Untuk menjelaskan factor tempat, waktu dan orang ini kami berdasarkan informasi dari berbagai media cetak maupun elektronik yang selama ini telah memberitakannya.

a.   Tempat
Faktor tempat menunjukkan dimana terjadinya masalah korupsi tersebut. Korupsi sering terjadi  di lingkungan birokrasi pemerintahan, 
 - ditingkat pemerintah pusat (kementerian, UPT,dsb), 
 - pemerintah daerah Provinsi (dinas, dsb), 
 - pemerintah Kabupaten/Kota (dinas, dsb) atau bahkan 
 - ditingkat kecamatan dan kelurahan. 
 - Juga terjadi di badan-badan umum milik Negara (BUMN). Secara garis besar terjadi pada tempat-tempat yang mengelola keuangan / aggaran Negara.

b.  Waktu
Waktu menunjukkan kapan pada umumnya korupsi tersebut terjadi. Secara umum korupsi terjadi sepanjang tahun. Secara spesifik terjadi pada saat :
 - turunnya anggaran, 
 -saat pelaksanaan tender, 
 -pada saat pelaksanaan kegiatan dan pada akhir kegiatan

c.   Orang
Factor orang menunjukkan siapa dan karena apa melakukan korupsi. Berdasarkan informasi baik di media cetak dan elektronik menyebutkan bahwa Korupsi ini telah dilakukan oleh kalangan birokrasi dari eselon tertinggi sampai eselon terendah, dan para pengelola anggaran Negara (pejabat perencana,pejabat pelaksana, pejabat pembuat komitmen, pejabat pengadaan barang dan jasa, pejabat penilai/pengawas,dll). Jenis/tingkat jabatan dan masa jabatan juga dapat mempengaruhi kejadian korupsi.Bahkan ada juga pejabat dari legislatif (DPR, DPRD) dan yudikatif (hakim, jaksa).

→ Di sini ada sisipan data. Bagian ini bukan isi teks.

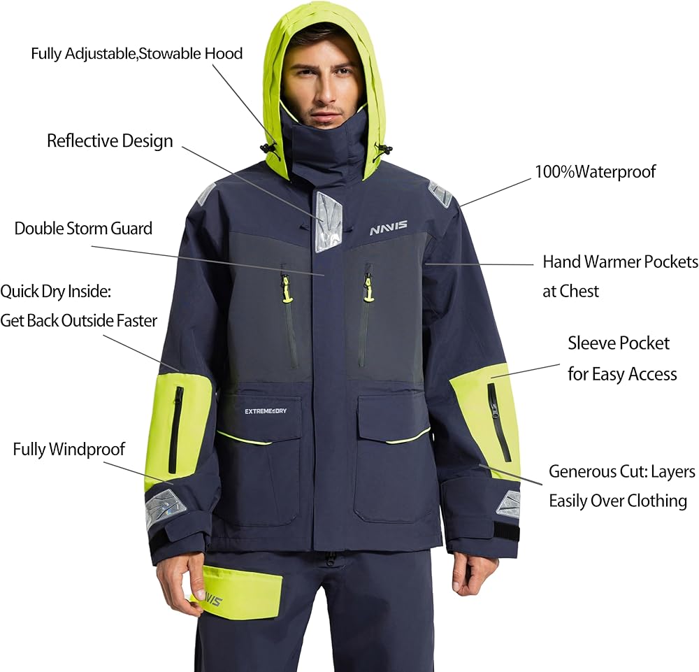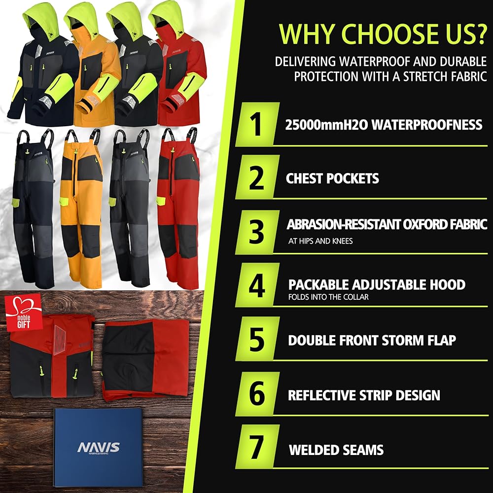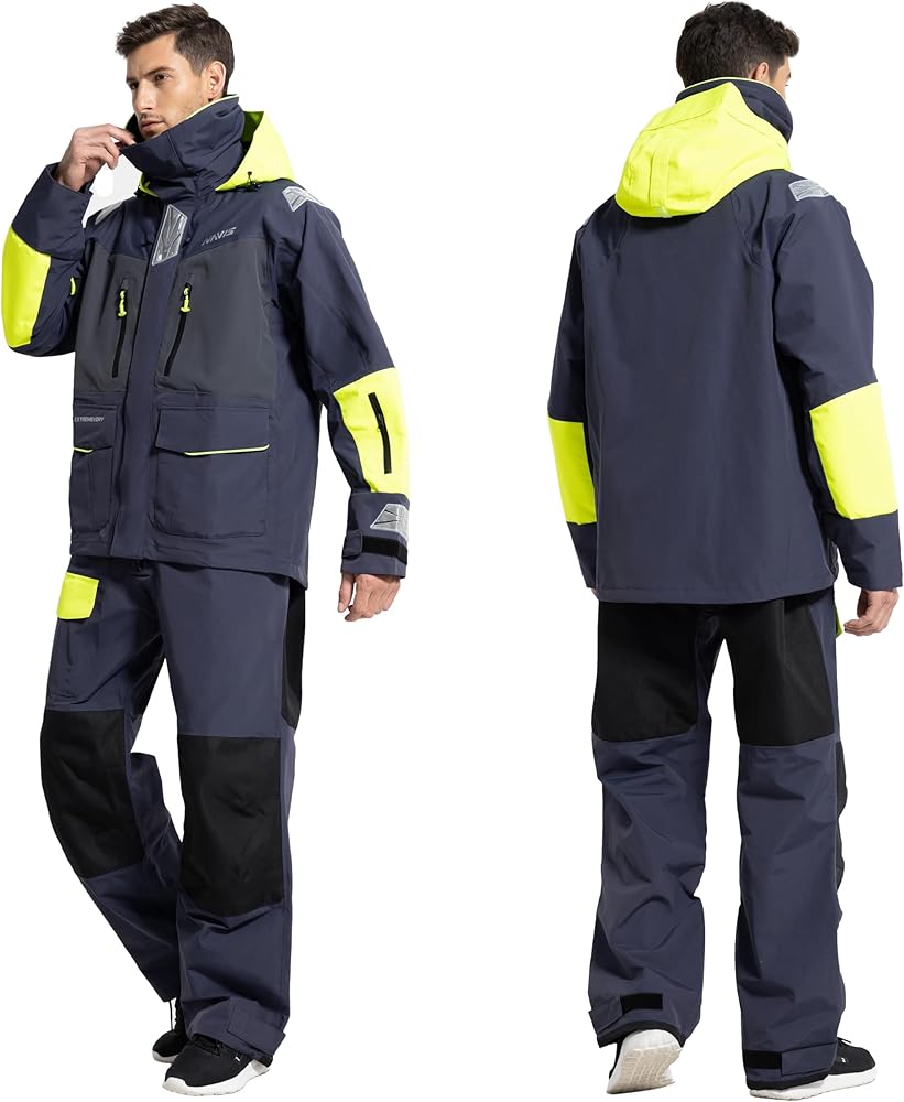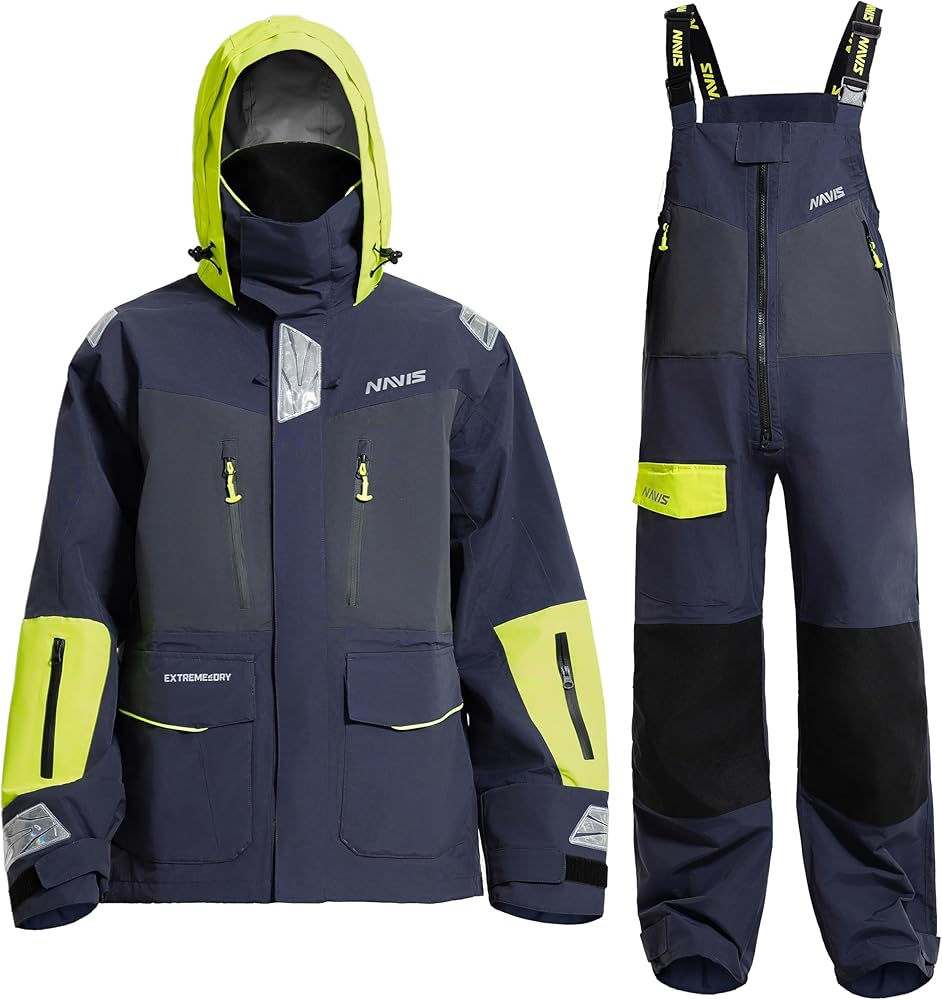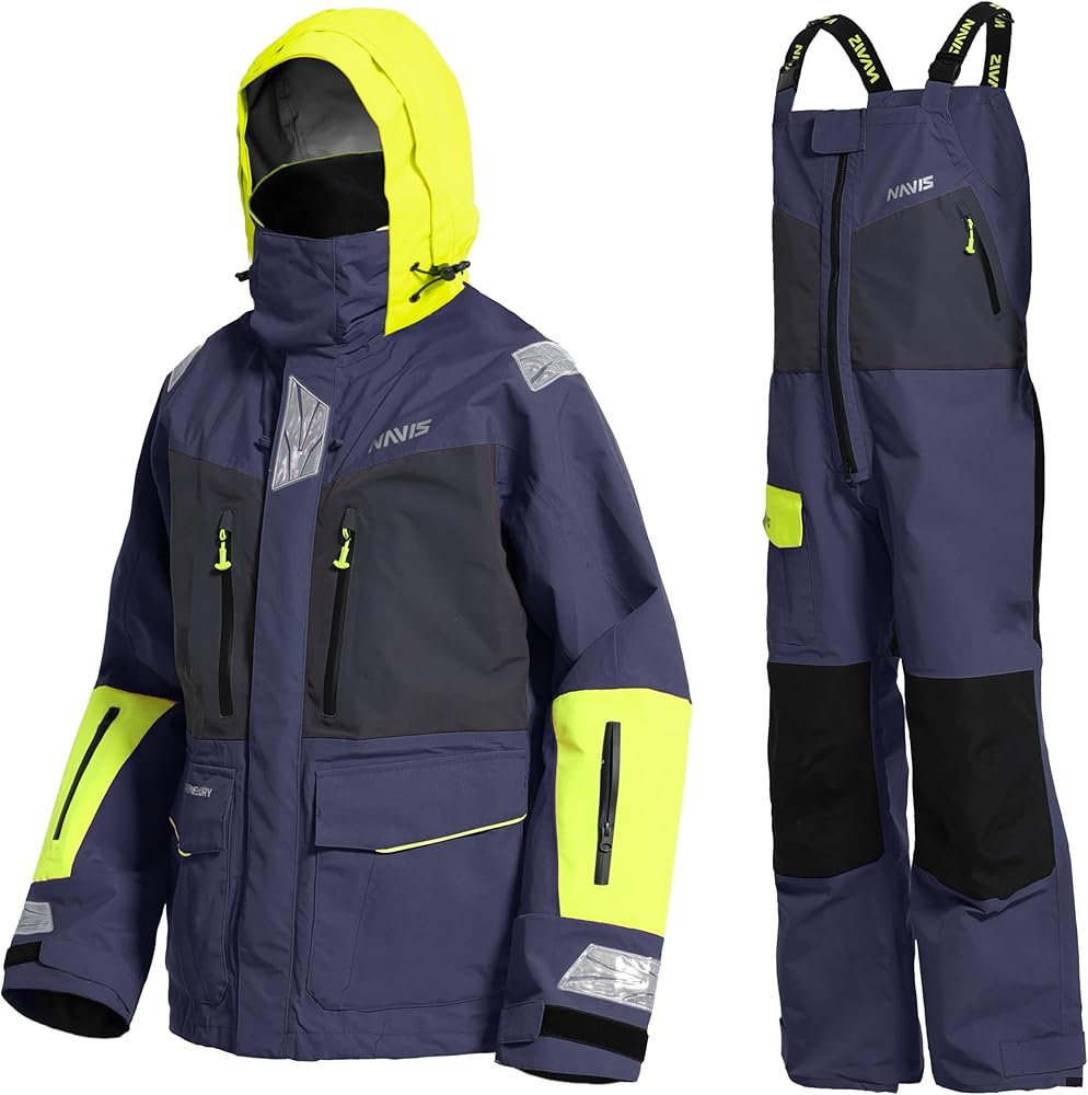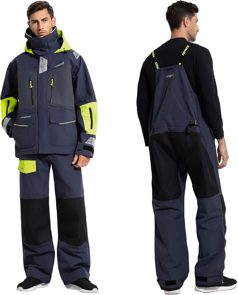 • نسيج مقاوم للماء ذو ​​3 طبقات شديد الجفاف: تم تصنيع كل من السترة والسراويل المريلة من نسيج NAVIS MARINE شديد الجفاف المكون من 3 طبقات، مما يضمن أعلى مستوى من مقاومة الماء والتهوية. تحافظ معدات الطقس السيئ هذه على راحتك وجفافك، مما يسمح للرطوبة بالهروب مع توفير حاجز موثوق ضد المطر والرياح ورذاذ المحيط.

Korupsi dapat dikaterigorikan sebagai suatu penyakit yang menimpa sekelompok masyarakat, dan bahkan sebagai penyakit yang endemis, maka perlu upaya pencegahan dan pengendalian. Untuk melakukan pencegahan dan pengendalian perlu diidentifikasi secara lebih detail tentang factor-faktor yang mempengaruhinya yaitu melalui pendekatan epidemiologi dengan variabel Tempat, Waktu, Orang . Pada simpul – simpul kritis tersebut dilakukan surveilans (pengamatan terus menerus), sehingga korupsi dapat dicegah.